If you left a packet capture running on the PBX then you can find out which of the three it was. Examine the CSV log from SIP Ping and locate the drop:

15/05/15 08:18:49:387328,1431703129.39,192.168.10.10,drop,1257707506,drop

The Call-ID is 1257707506. Now pull up the packet capture from the PBX.

The packet capture shows an OPTIONS packet coming in with a Call-ID of 1257707506, and a 501 Not Implemented going back - but that 501 doesn't show up in the packet capture from your core network.

You have now identified an instance of one-way signaling failure; the packet came in, the PBX tried to respond, but the response didn't arrive. You now have a much more specific definition of the problem.

Bugs / Known Issues

On Windows every line in the CSV is double-spaced. Excel will still read the file and a quick sort by the time column will strip the empty rows.

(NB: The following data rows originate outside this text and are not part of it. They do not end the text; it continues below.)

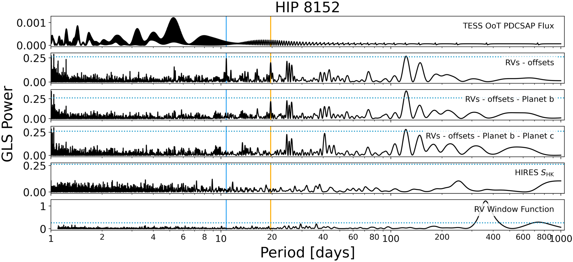 GLS periodograms for HIP 8152 are shown in black. The vertical blue and orange lines mark the orbital periods of planets b and c, respectively. The dashed horizontal line indicates the 0.1% FAP threshold (Baluev 2008). We compute the GLS periodogram of the RV window function with a minimum period slightly longer than 1 day to avoid the strong nightly alias, which otherwise skews the y-axis scale.
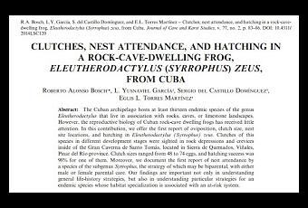 En este trabajo se explica un estudio sobre la reproducción de esta rana en cuevas cubanas, y gracias a que esta publicación está de libre acceso a cualquier persona, tenemos el placer de poder leerlo completamente en el siguiente enlace:
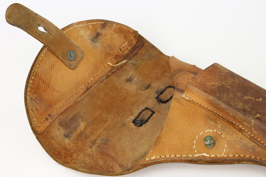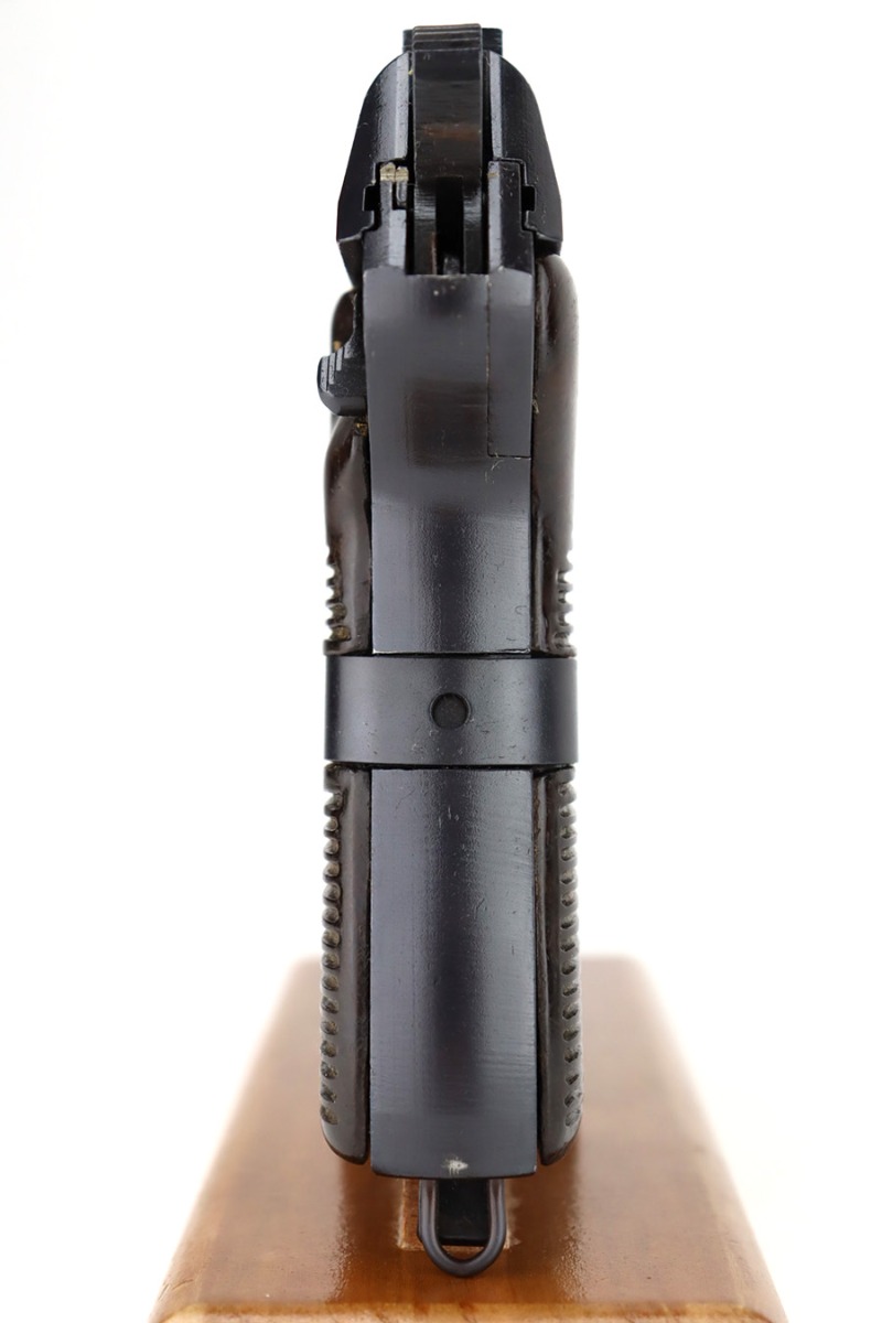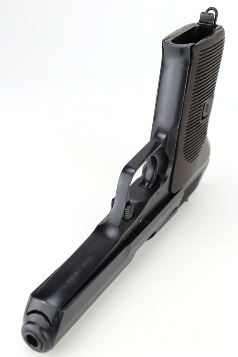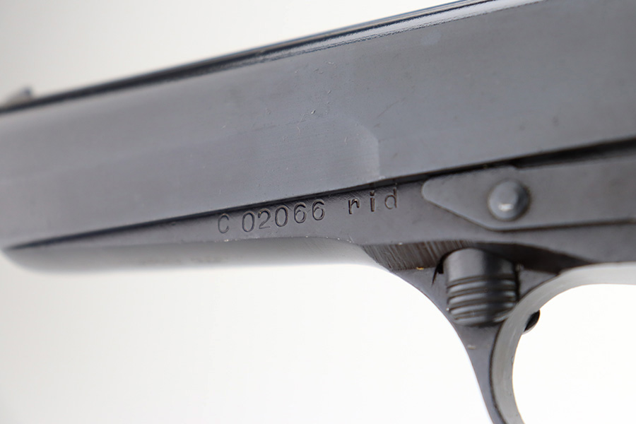 12/14/23 – This is a mint example of a Czech CZ Model 52 pistol manufactured in 1953. It is all matching and bares an import mark on the underside of the frame. It comes as a rig with a tan leather holster, cleaning rod, and two proper magazines. The gun has retained essentially all of its finish with no signs of wear. Fitted with brownish bakelite grips. The bore has strong rifling, but there is very light pin-pricking throughout.

If you find anything else, email me at articles@gekk.info and I'd be happy to look into it. I do not have a QA team, so there could be lots of bugs I don't know about.

Future Development

There are a lot of things I could do with this, but one of the big changes I intend to implement is register-based testing, where the tool runs at the "client" end and registers repeatedly against a server.

Why?

There are at least two other SIP diagnostic tools that can send ping-esque messages that I can think of, but the problem is that, like all network diagnostic tools, they're only designed to answer the question, "is anything wrong right now?"

In the real world, problems can often be intermittent, and their unpredictability certainly makes them no less serious. Hours or days might elapse between service outages, but when they occur they're showstoppers.

I found that there was no tool available in this industry that could prove the integrity of the connection between two SIP devices, in full duplex, at high speed.

I also found that a lot of techs in my field of work were using ping to do long-term monitoring, and ping just doesn't cut it for a wide variety of reasons, not the least being that ICMP is deprioritized on many routers and servers. Purpose-built tools decrease false positives.

Additionally, while ping gives packet loss stats over time, it doesn't allow you to look back and say "two weeks ago at 11:31:43 voice traffic stopped passing for three minutes," and in this job, you sometimes need data with that level of precision.